* [DESCRIPTION OF THE TASK] Retype nothing except the lines below from the one with "HP007轉運小方塊扭繩純銀925可調式戒指" through the one with "SCENE, cont'd |", exactly, with images left out.

* [RECORDS PROVIDED]

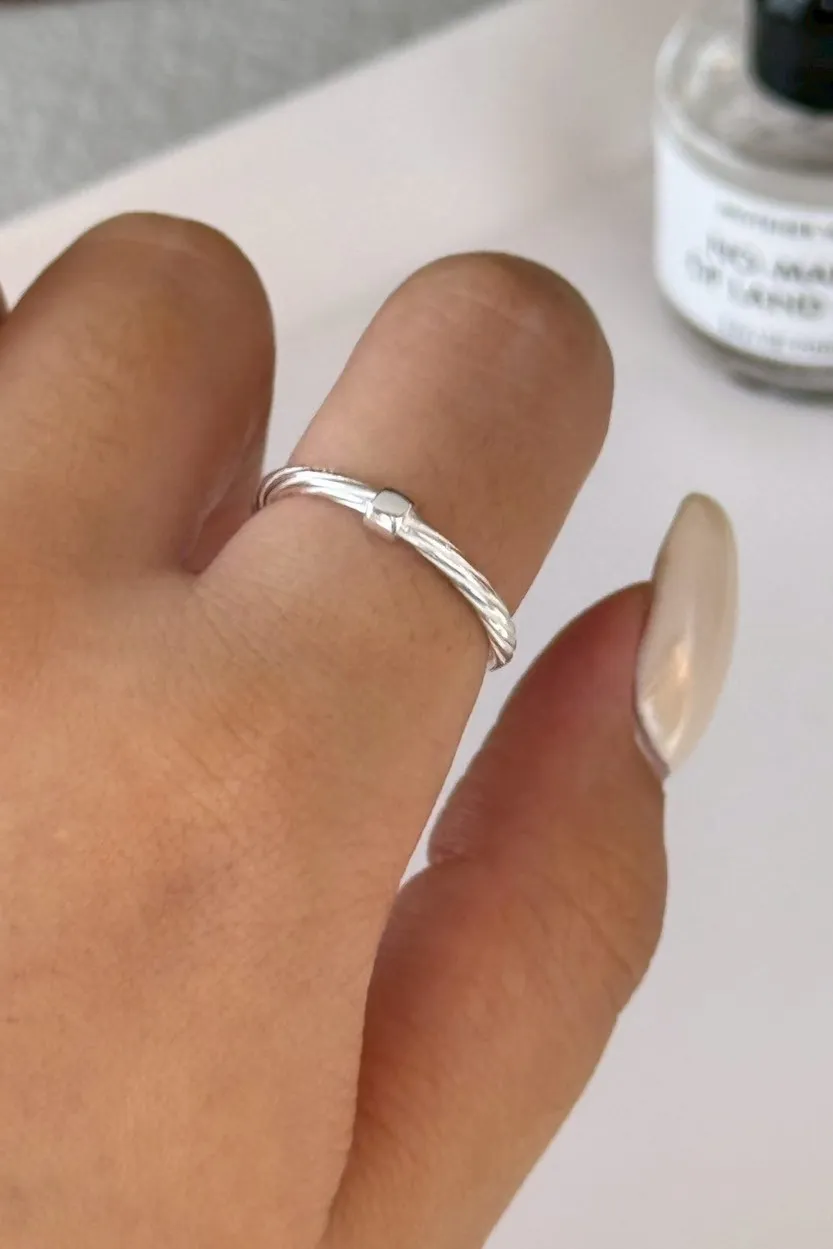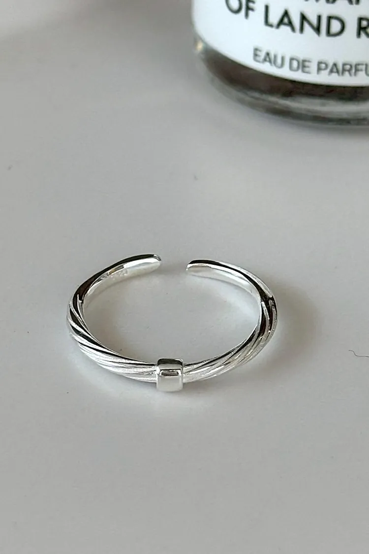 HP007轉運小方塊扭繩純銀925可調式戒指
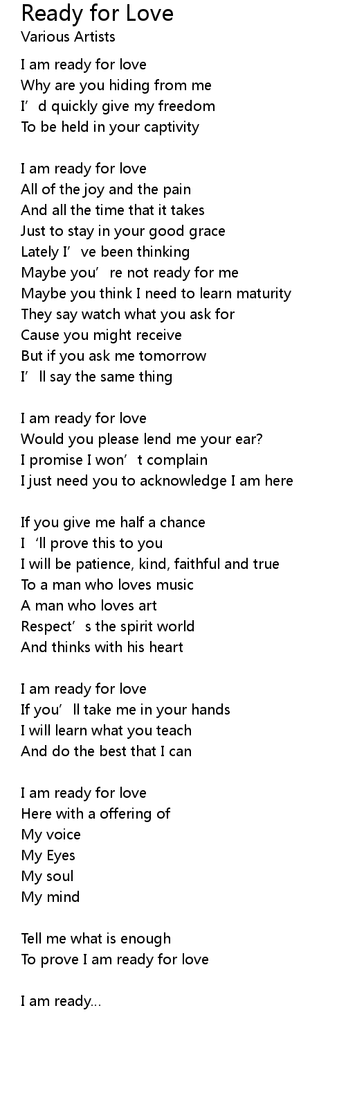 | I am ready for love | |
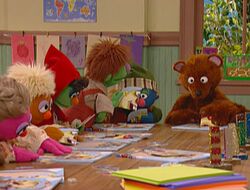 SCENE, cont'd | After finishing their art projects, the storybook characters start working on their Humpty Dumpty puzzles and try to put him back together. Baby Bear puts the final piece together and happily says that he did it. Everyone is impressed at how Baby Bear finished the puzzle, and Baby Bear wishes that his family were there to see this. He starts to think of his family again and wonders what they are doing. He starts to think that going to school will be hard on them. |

==

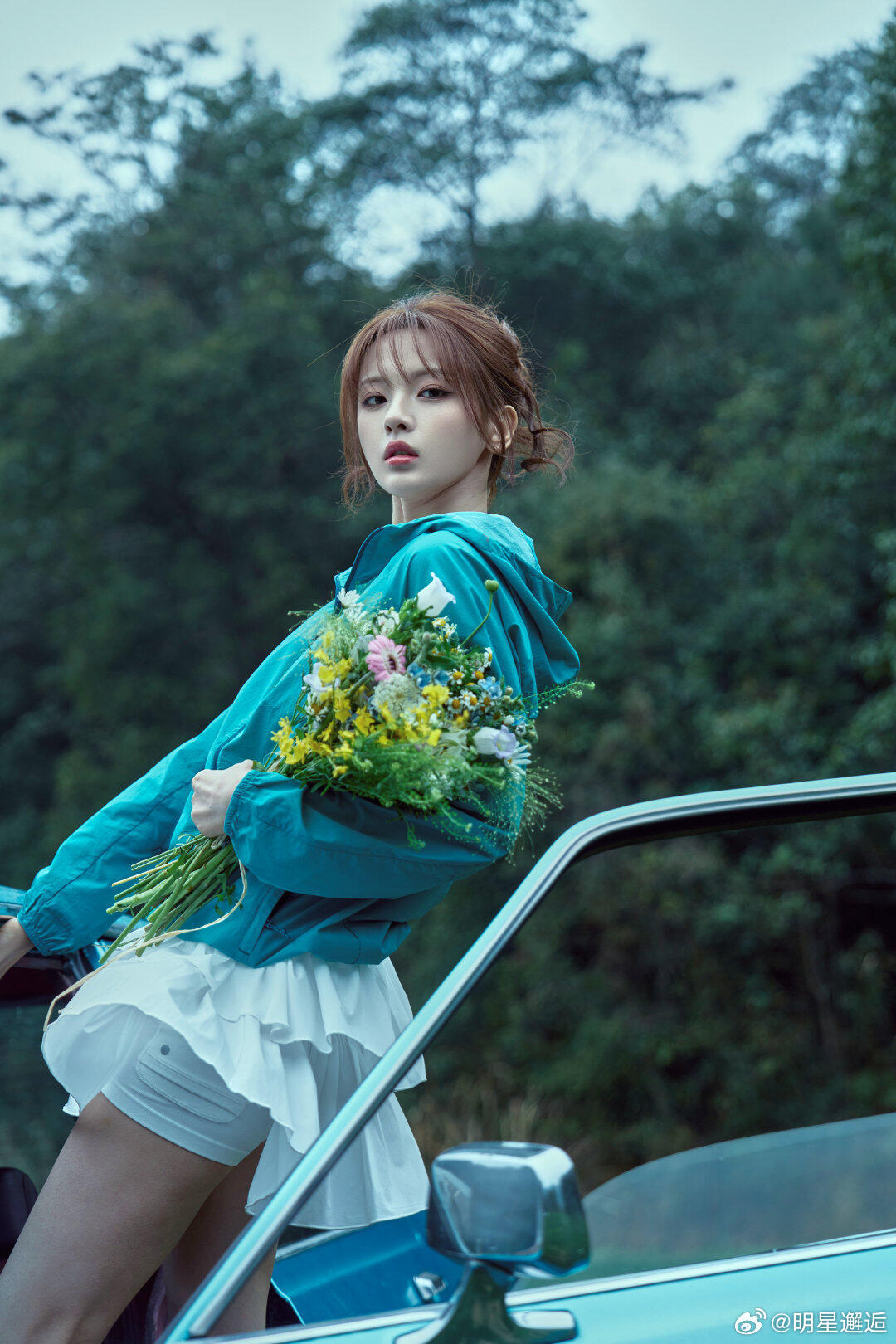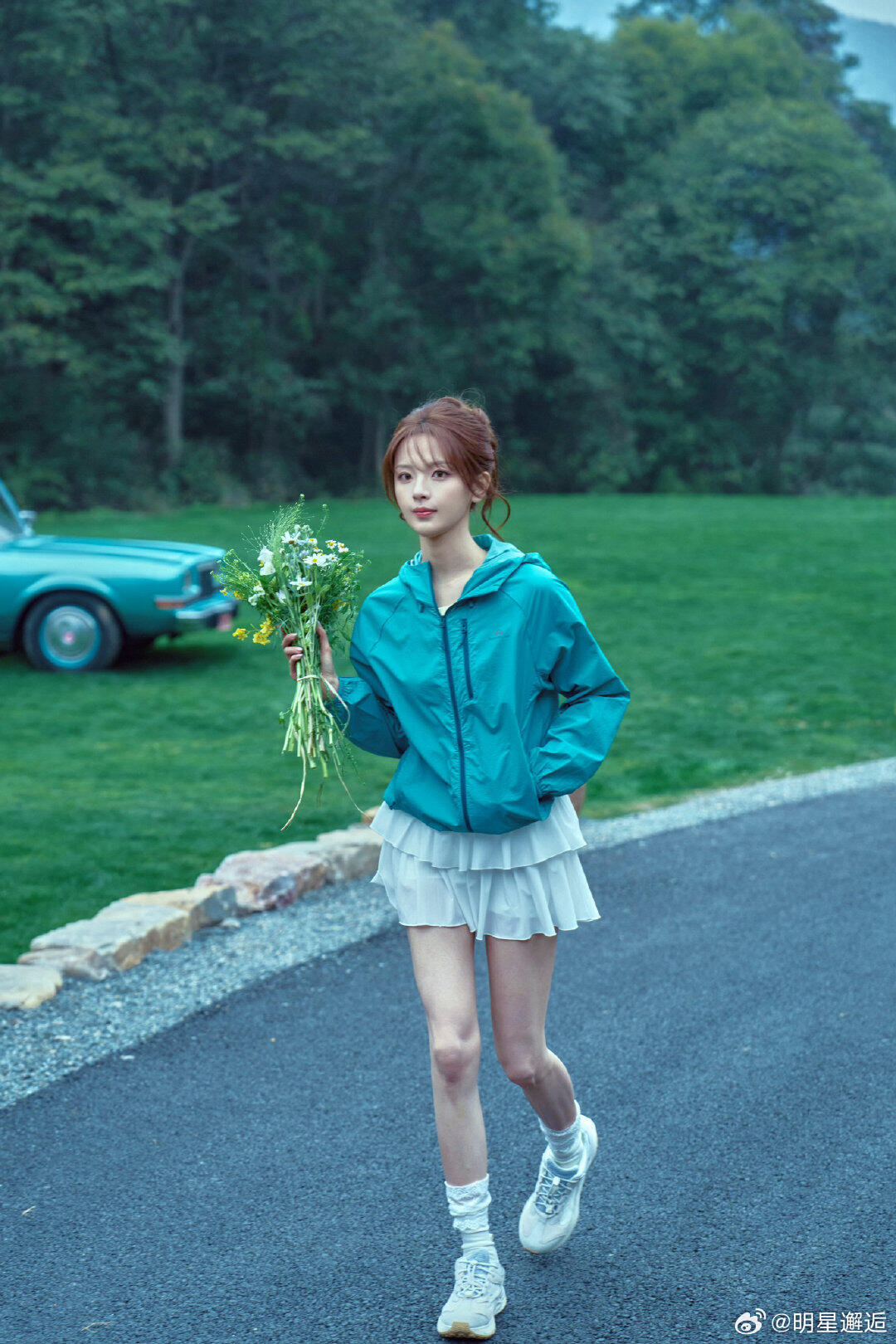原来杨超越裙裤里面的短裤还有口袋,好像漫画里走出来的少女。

* [REPLY]
 HP007轉運小方塊扭繩純銀925可調式戒指
 | I am ready for love | |
 SCENE, cont'd | After finishing their art projects, the storybook characters start working on their Humpty Dumpty puzzles and try to put him back together. Baby Bear puts the final piece together and happily says that he did it. Everyone is impressed at how Baby Bear finished the puzzle, and Baby Bear wishes that his family were there to see this. He starts to think of his family again and wonders what they are doing. He starts to think that going to school will be hard on them. |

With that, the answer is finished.